Task statement –
Only one stretch of the material below is wanted: everything from the line containing "これは破れに当て紙を入れた後、穴に千枚通しの先を入れて 当て紙の向きを変える為です。 |" down to the line containing "- If you are", both ends included. Repeat it exactly and skip the pictures.

Source material –
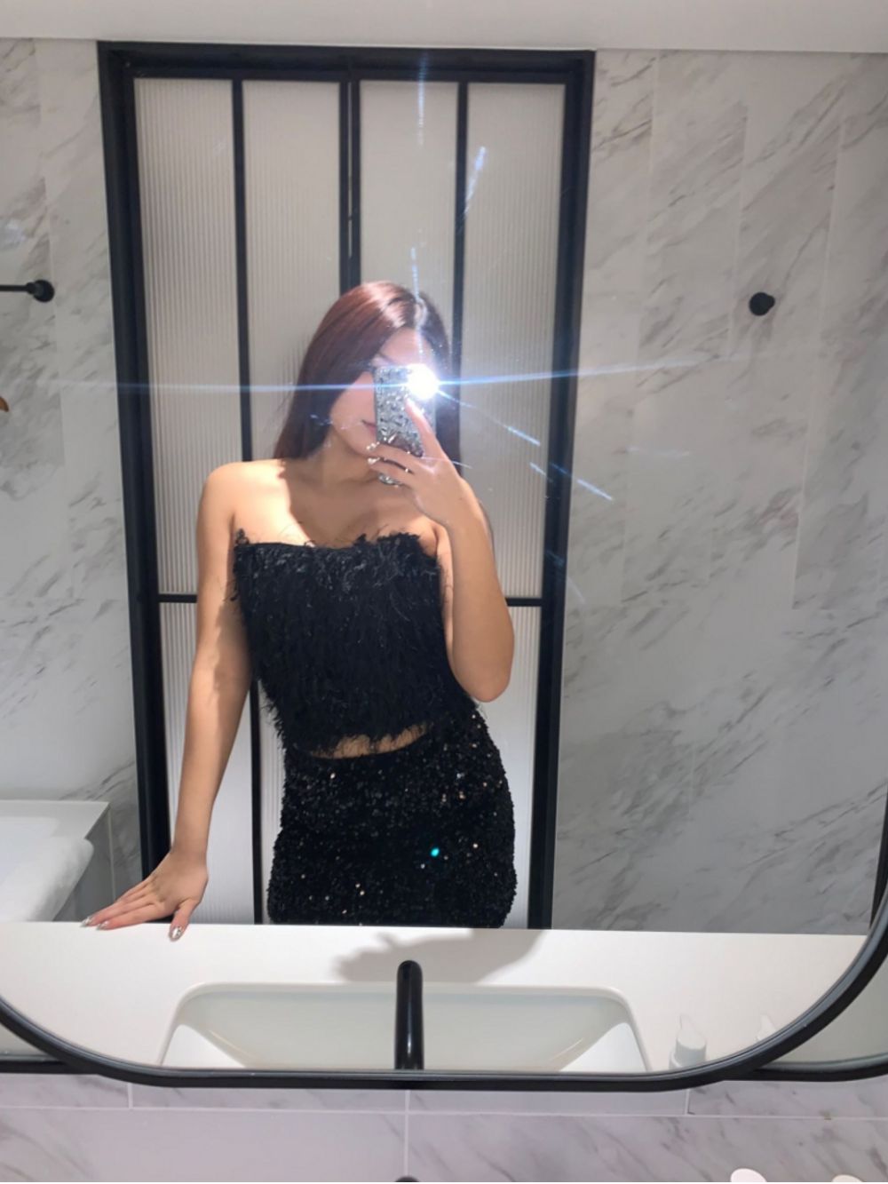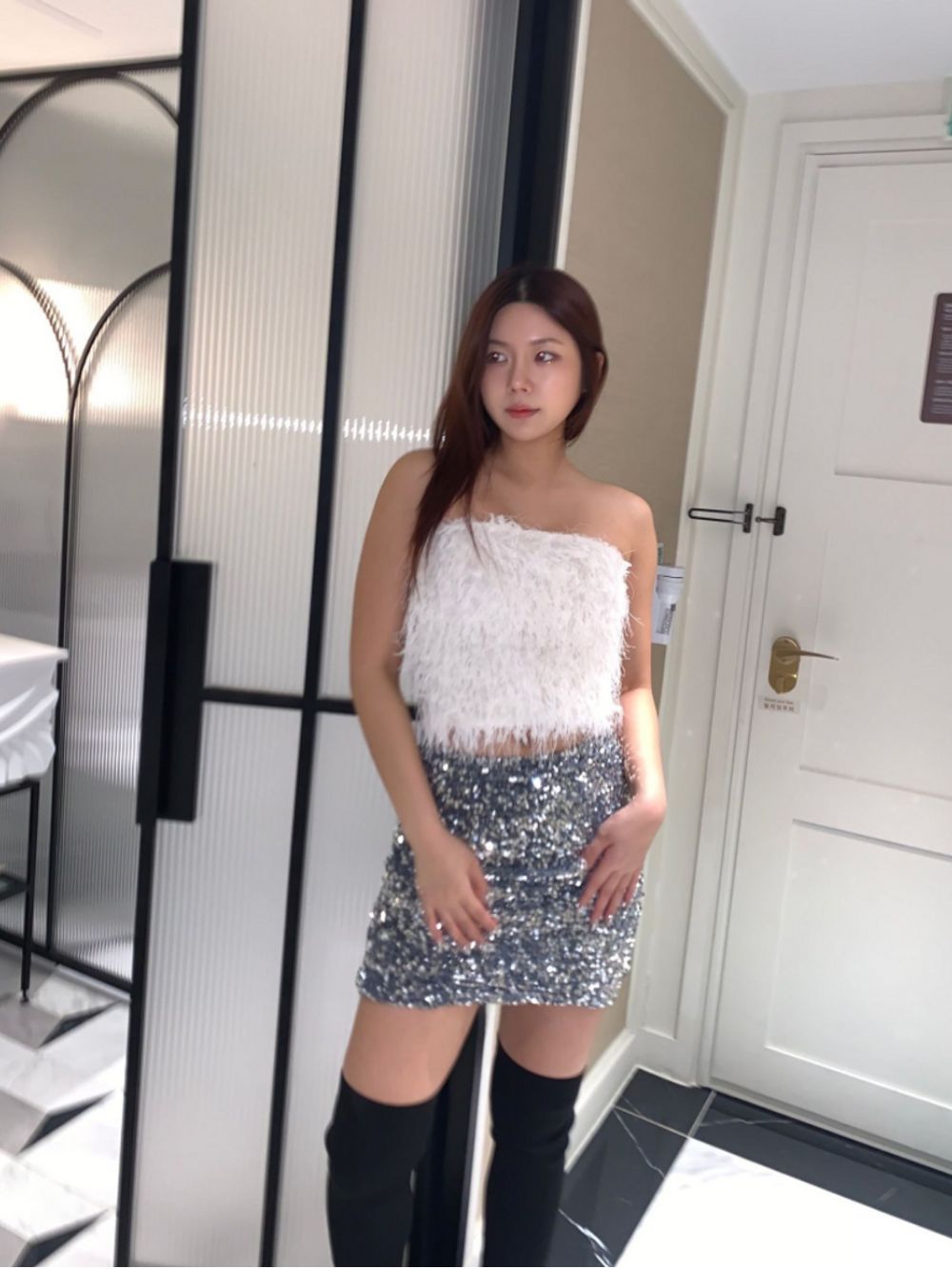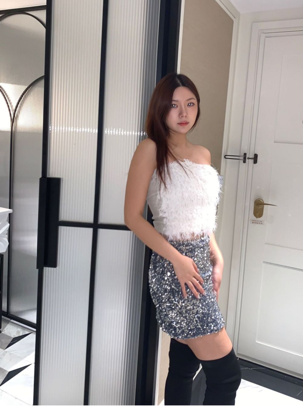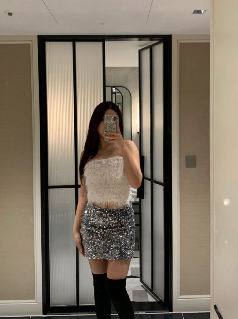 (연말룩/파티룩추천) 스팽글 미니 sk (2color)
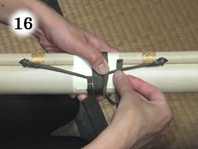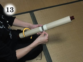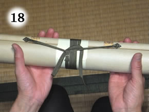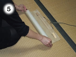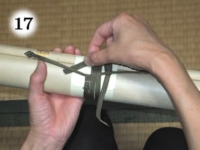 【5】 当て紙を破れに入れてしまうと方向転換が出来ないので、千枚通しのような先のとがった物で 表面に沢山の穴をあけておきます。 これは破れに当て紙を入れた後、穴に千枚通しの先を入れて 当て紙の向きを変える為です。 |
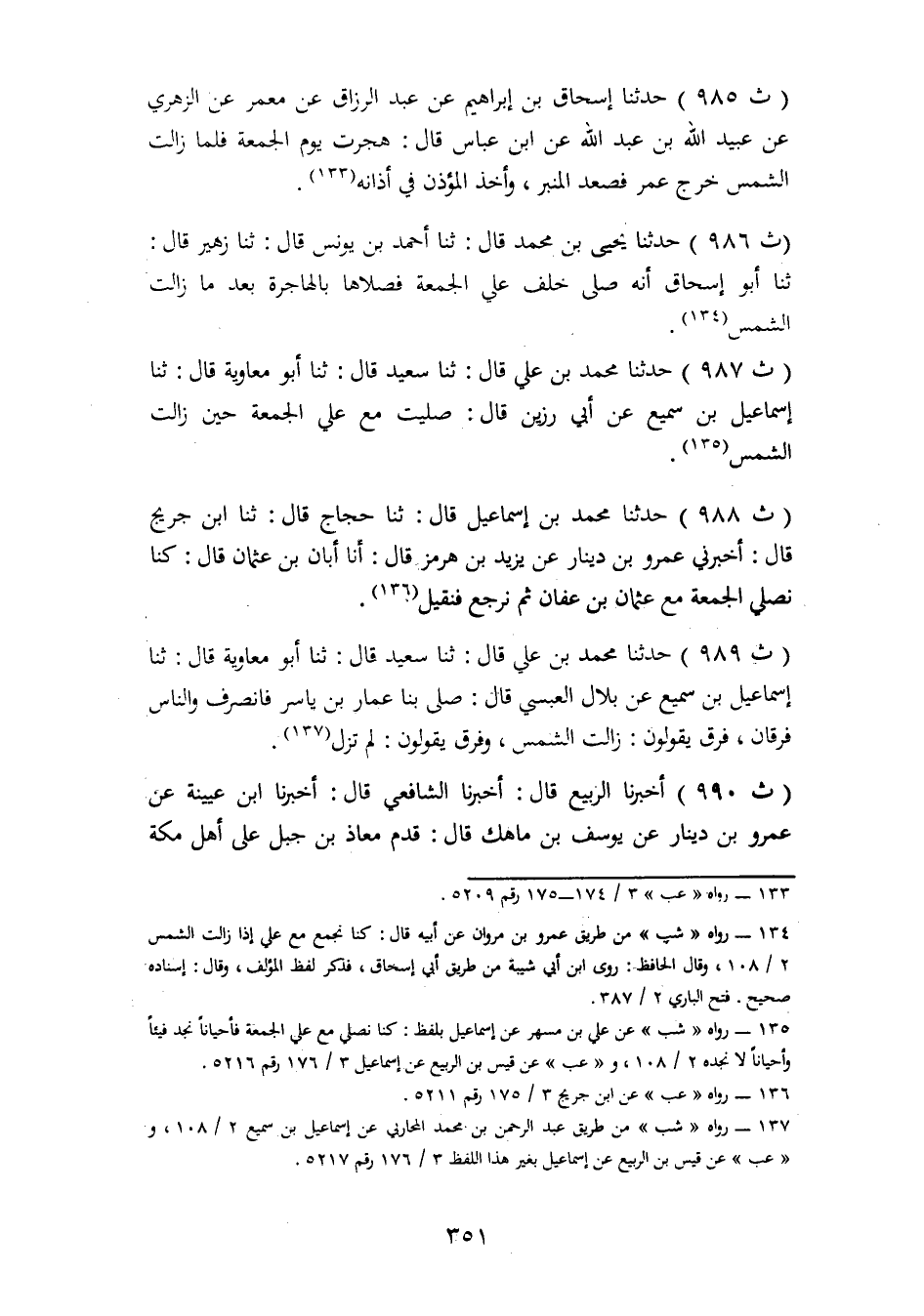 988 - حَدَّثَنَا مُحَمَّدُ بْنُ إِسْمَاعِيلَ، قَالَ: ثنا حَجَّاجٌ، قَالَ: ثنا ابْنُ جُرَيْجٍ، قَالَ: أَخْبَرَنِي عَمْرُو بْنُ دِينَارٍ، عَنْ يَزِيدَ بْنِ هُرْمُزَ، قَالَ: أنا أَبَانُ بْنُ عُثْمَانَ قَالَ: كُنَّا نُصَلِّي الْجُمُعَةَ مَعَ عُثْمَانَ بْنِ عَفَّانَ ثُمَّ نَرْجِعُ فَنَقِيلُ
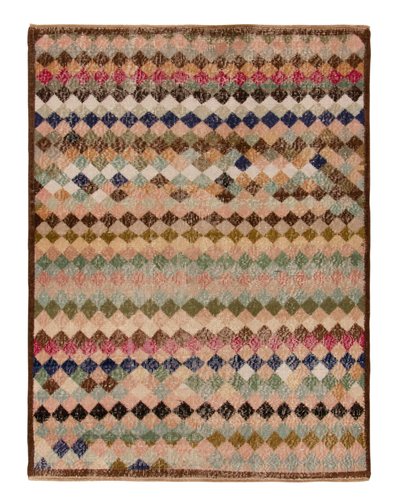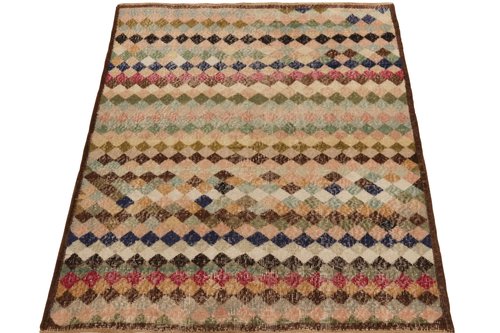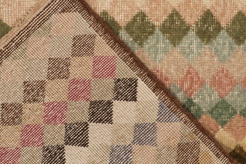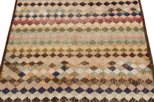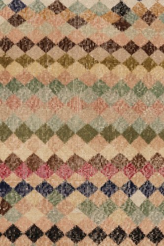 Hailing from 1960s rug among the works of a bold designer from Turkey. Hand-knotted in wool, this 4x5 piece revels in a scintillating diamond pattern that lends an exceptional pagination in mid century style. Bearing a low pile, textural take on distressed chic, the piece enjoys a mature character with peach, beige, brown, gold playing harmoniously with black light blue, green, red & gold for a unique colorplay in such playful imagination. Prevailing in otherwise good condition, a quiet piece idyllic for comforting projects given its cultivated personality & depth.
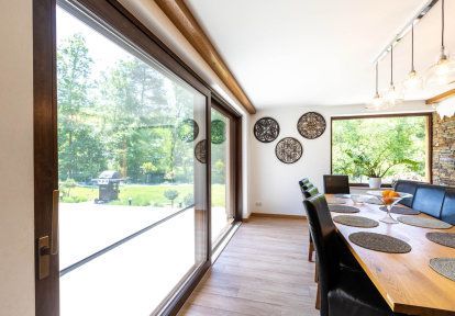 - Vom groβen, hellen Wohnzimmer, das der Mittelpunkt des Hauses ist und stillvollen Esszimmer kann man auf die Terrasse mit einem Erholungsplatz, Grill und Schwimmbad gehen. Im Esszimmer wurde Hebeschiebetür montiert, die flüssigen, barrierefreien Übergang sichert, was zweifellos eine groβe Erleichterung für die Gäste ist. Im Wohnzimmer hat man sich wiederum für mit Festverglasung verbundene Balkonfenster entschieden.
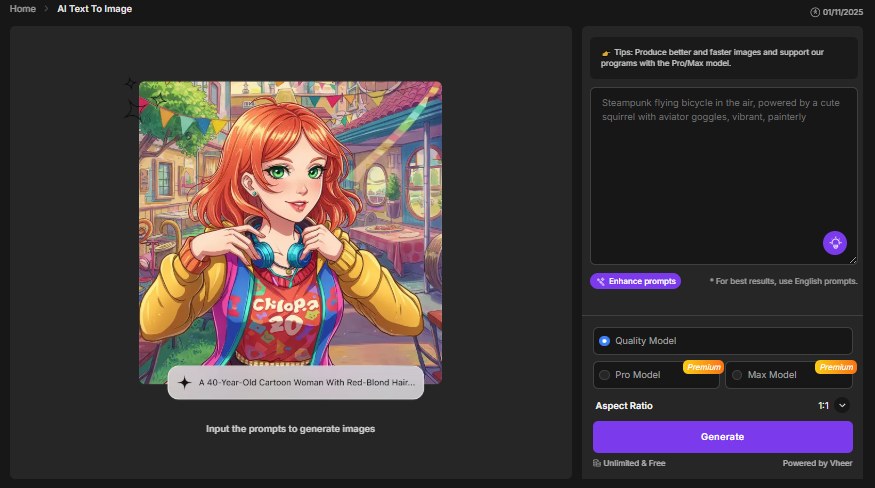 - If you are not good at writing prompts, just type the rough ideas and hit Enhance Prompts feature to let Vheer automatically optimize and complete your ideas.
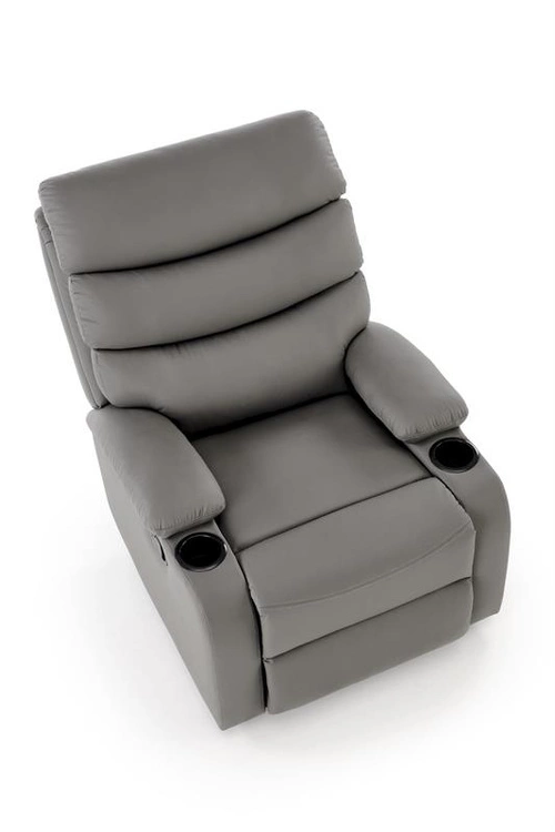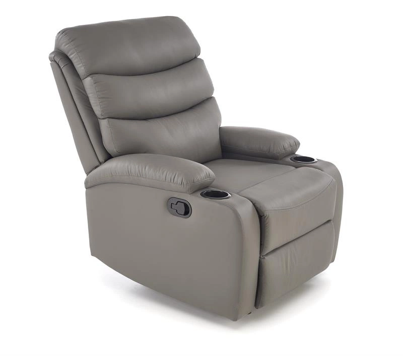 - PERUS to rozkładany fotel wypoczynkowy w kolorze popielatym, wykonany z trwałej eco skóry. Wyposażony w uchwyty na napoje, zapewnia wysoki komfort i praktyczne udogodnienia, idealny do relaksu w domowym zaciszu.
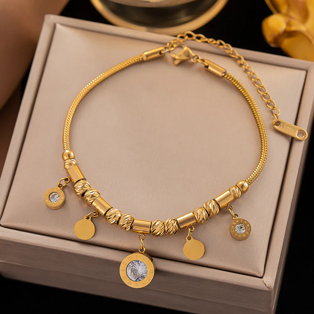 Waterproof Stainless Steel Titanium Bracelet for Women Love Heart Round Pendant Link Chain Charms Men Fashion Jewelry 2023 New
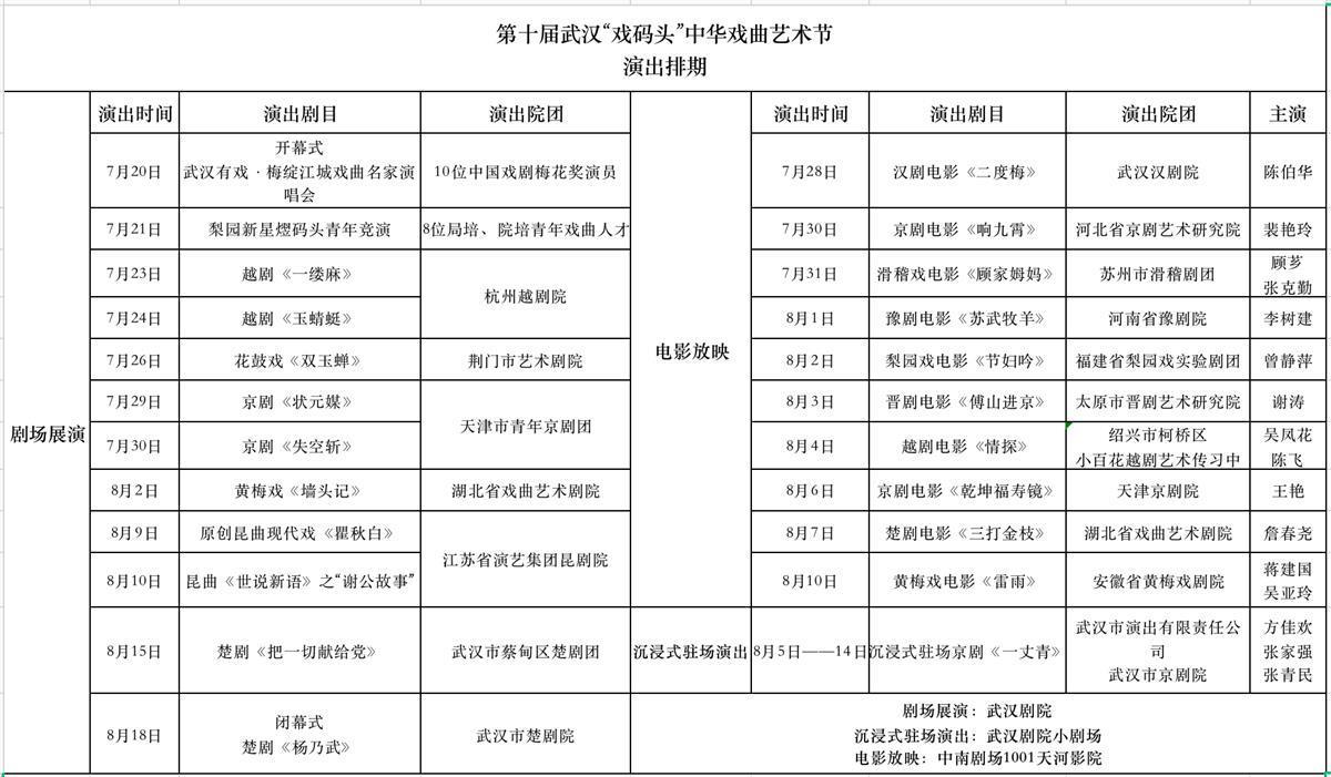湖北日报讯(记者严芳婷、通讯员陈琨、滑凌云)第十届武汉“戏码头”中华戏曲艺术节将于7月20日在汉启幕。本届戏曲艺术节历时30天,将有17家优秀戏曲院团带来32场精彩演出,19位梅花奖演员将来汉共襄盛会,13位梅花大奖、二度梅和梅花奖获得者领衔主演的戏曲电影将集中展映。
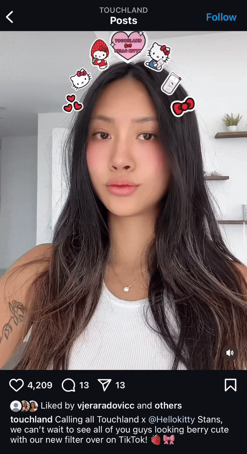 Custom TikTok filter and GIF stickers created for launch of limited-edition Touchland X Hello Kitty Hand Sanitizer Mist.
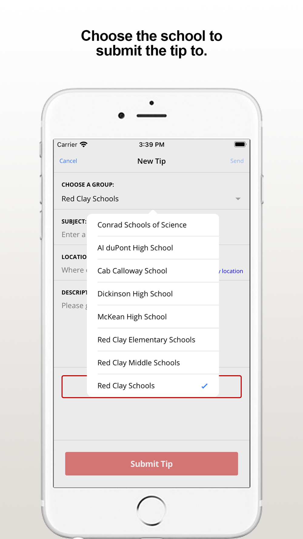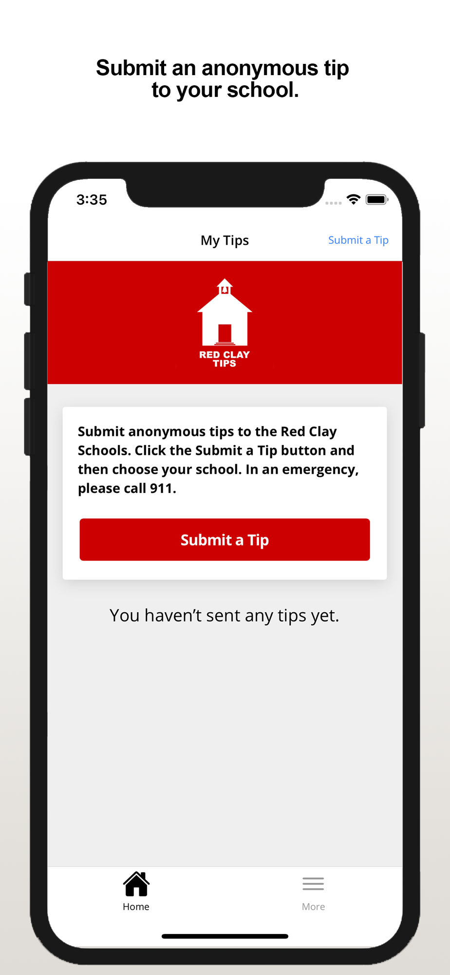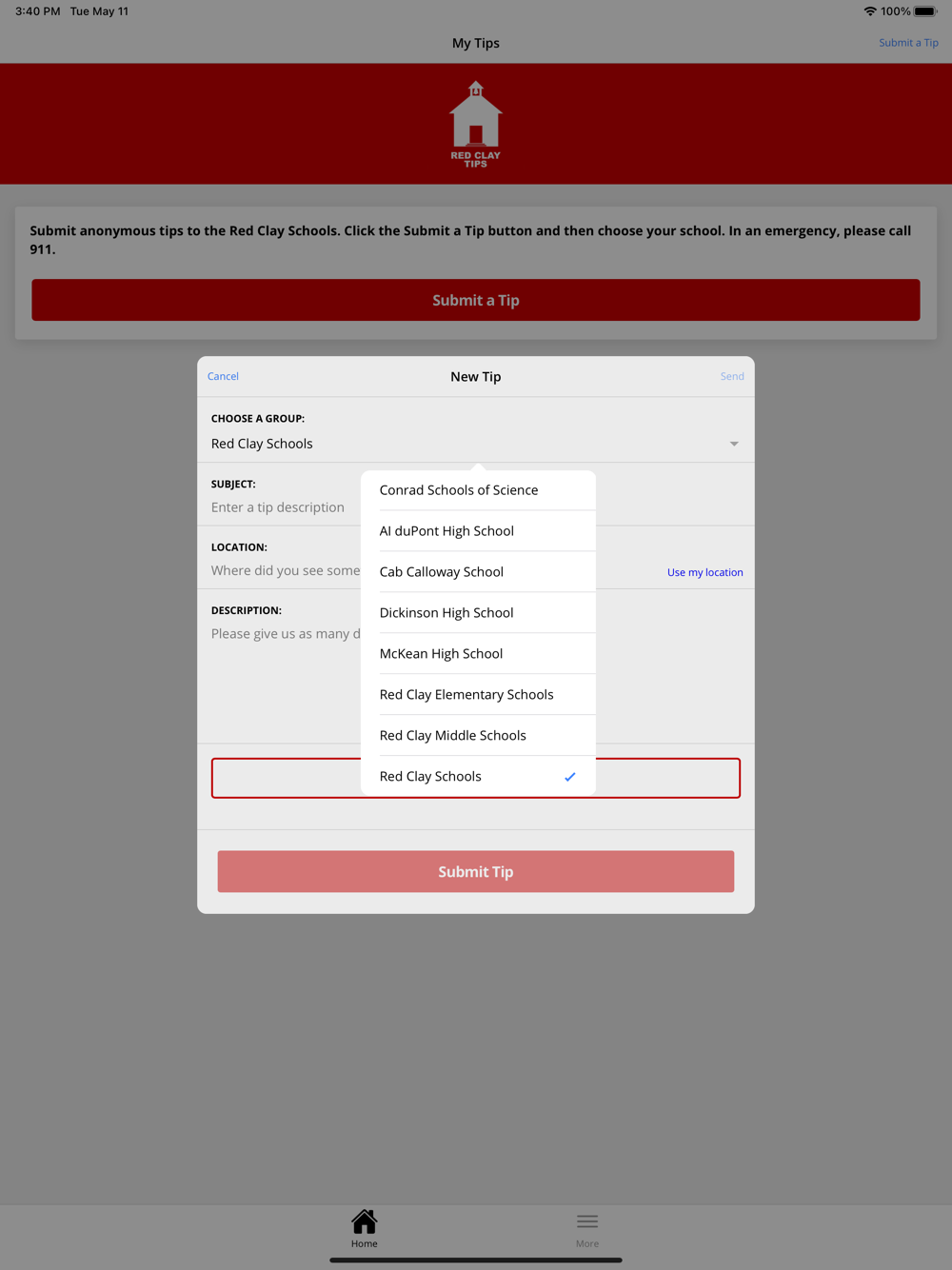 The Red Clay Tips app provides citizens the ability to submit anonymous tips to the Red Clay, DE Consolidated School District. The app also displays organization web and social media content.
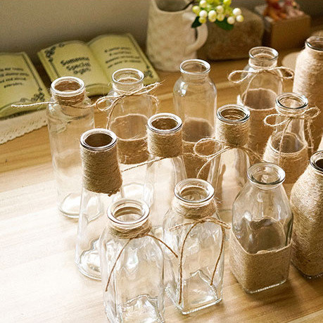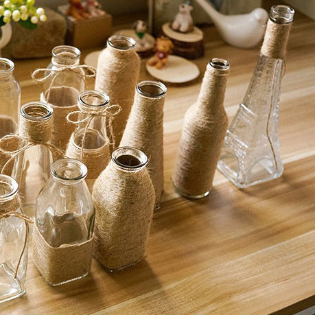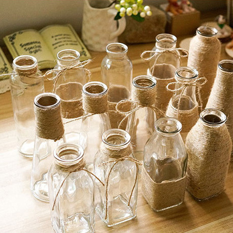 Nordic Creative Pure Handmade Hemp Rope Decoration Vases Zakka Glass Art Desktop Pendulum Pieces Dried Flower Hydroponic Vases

Solution for this exercise –
 【5】 当て紙を破れに入れてしまうと方向転換が出来ないので、千枚通しのような先のとがった物で 表面に沢山の穴をあけておきます。 これは破れに当て紙を入れた後、穴に千枚通しの先を入れて 当て紙の向きを変える為です。 |
 988 - حَدَّثَنَا مُحَمَّدُ بْنُ إِسْمَاعِيلَ، قَالَ: ثنا حَجَّاجٌ، قَالَ: ثنا ابْنُ جُرَيْجٍ، قَالَ: أَخْبَرَنِي عَمْرُو بْنُ دِينَارٍ، عَنْ يَزِيدَ بْنِ هُرْمُزَ، قَالَ: أنا أَبَانُ بْنُ عُثْمَانَ قَالَ: كُنَّا نُصَلِّي الْجُمُعَةَ مَعَ عُثْمَانَ بْنِ عَفَّانَ ثُمَّ نَرْجِعُ فَنَقِيلُ
 Hailing from 1960s rug among the works of a bold designer from Turkey. Hand-knotted in wool, this 4x5 piece revels in a scintillating diamond pattern that lends an exceptional pagination in mid century style. Bearing a low pile, textural take on distressed chic, the piece enjoys a mature character with peach, beige, brown, gold playing harmoniously with black light blue, green, red & gold for a unique colorplay in such playful imagination. Prevailing in otherwise good condition, a quiet piece idyllic for comforting projects given its cultivated personality & depth.
 - Vom groβen, hellen Wohnzimmer, das der Mittelpunkt des Hauses ist und stillvollen Esszimmer kann man auf die Terrasse mit einem Erholungsplatz, Grill und Schwimmbad gehen. Im Esszimmer wurde Hebeschiebetür montiert, die flüssigen, barrierefreien Übergang sichert, was zweifellos eine groβe Erleichterung für die Gäste ist. Im Wohnzimmer hat man sich wiederum für mit Festverglasung verbundene Balkonfenster entschieden.
 - If you are not good at writing prompts, just type the rough ideas and hit Enhance Prompts feature to let Vheer automatically optimize and complete your ideas.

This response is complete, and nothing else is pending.